Could Mattrick be a Trojan?
When Don Mattrick leapt like a gazelle made entirely of money from Microsoft to Zynga, it wasn't fully appreciated at the time just how close Mattrick was to Zynga's top brass. Mattrick and Zynga boss Mark Pincus used to be - and still are - road biking buddies, and while out on the trail they talked about this, that, and the possibility of Microsoft buying out Zynga, as part of a long courtship that went back to 2010. Of course, that isn't how things turned out in the end, as Mattrick was instead bought - to the tune of $95 million, potentially - by Zynga. Analyst Michael Pachter has already pointed out the absurdity of Mattrick's position. "To walk into a company that is not profitable, it's not growing," says Pachter, "and you've got the founder and majority controlling shareholder sitting in the office next to you ... what exactly can you get done?"
Well, that might depend on exactly what it is Mattrick intends to do. To earn the lion's share of his mega-payout Mattrick has to be a Zynga man for three years minimum. But if he really wants a jackpot he could just sell Zynga. Under the terms of his contract Mattrick would collect at least 25%, and perhaps as much as 50%, of his Zynga bonanza as soon as the deal goes through. Of course, a deal would probably also push up Zynga's share price, and a substantial chunk of Mattrick's compensation comes in the form of Zynga stock. Plus any deal is bound to come with golden inducements for the man making the thing happen, your friend and mine, Don Mattrick. As to which big corporation Mattrick might turn to in order to sell off Zynga, weeeeeellll ...
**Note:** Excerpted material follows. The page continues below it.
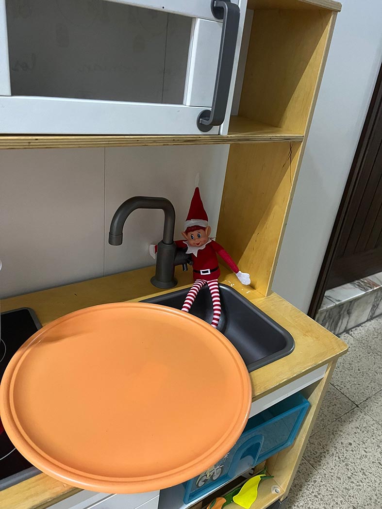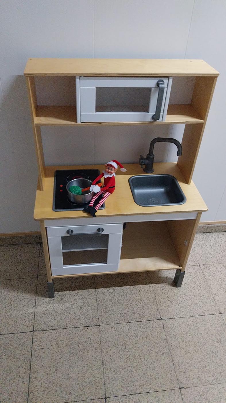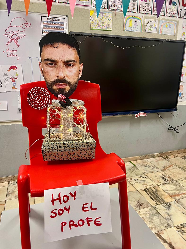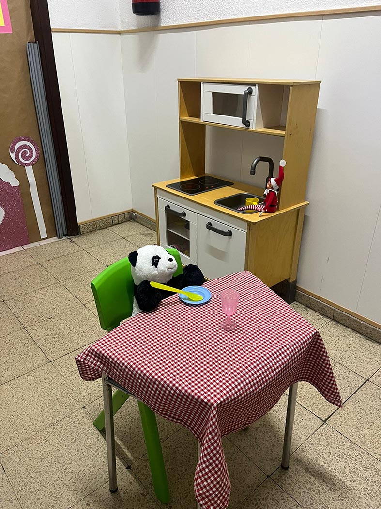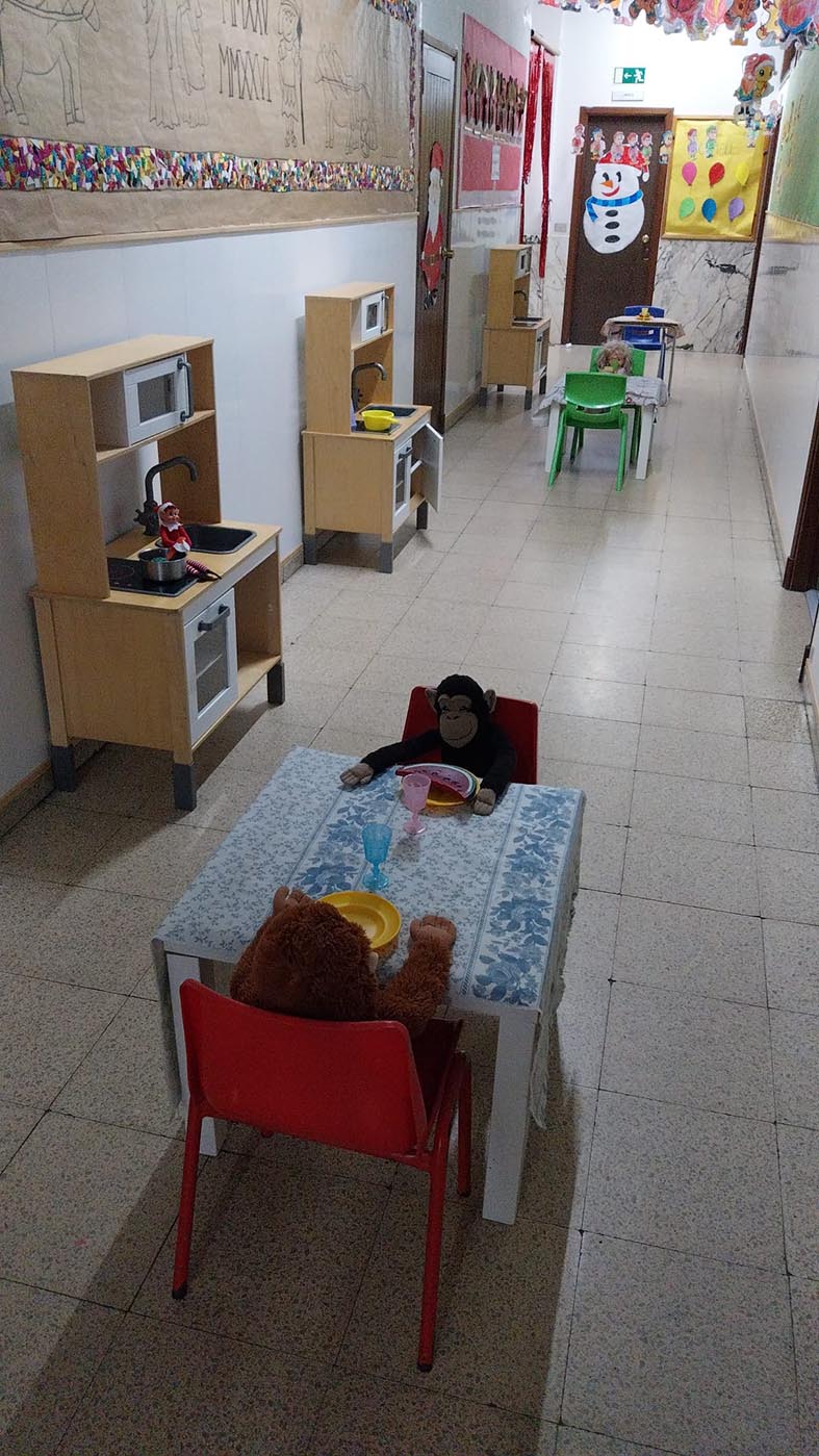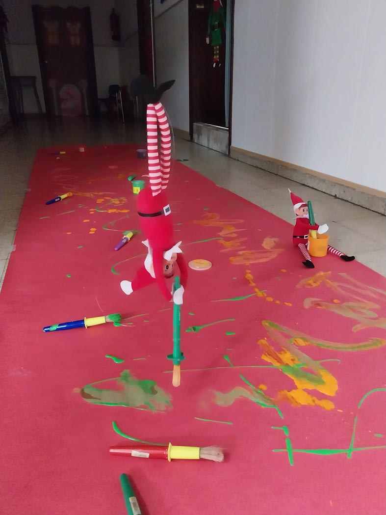 A lo largo de estos días nos encontramos con mesas del aula completamente del revés, como si alguien hubiera estado ensayando acrobacias nocturnas, fiestas improvisadas al caer la noche, mascotas secuestradas, elfos paseando en patines por los pasillos, e incluso invitaciones sorpresa para ir al cine…
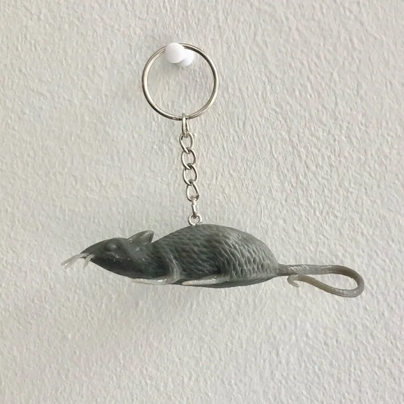Grey rat keychain handmade from an upcycled toy rubber rat.perfect for Halloween, or your everyday spooky rat vibes!

Will this happen? Your guess is as good as mine. But there is something interesting in Mattrick's pay package regulatory filing. Mattrick is now part of a two man executive committee - Pincus is his other half - designed to "facilitate approval of certain corporate actions." If that committee ever goes away or expands, Mattrick can claim severance as if he had been fired arbitrarily, so he's sitting pretty however this turns out. But you do have to wonder just what those corporate actions are likely to be, and why it wants a team of just two people - who've already talked about selling Zynga - to carry them out.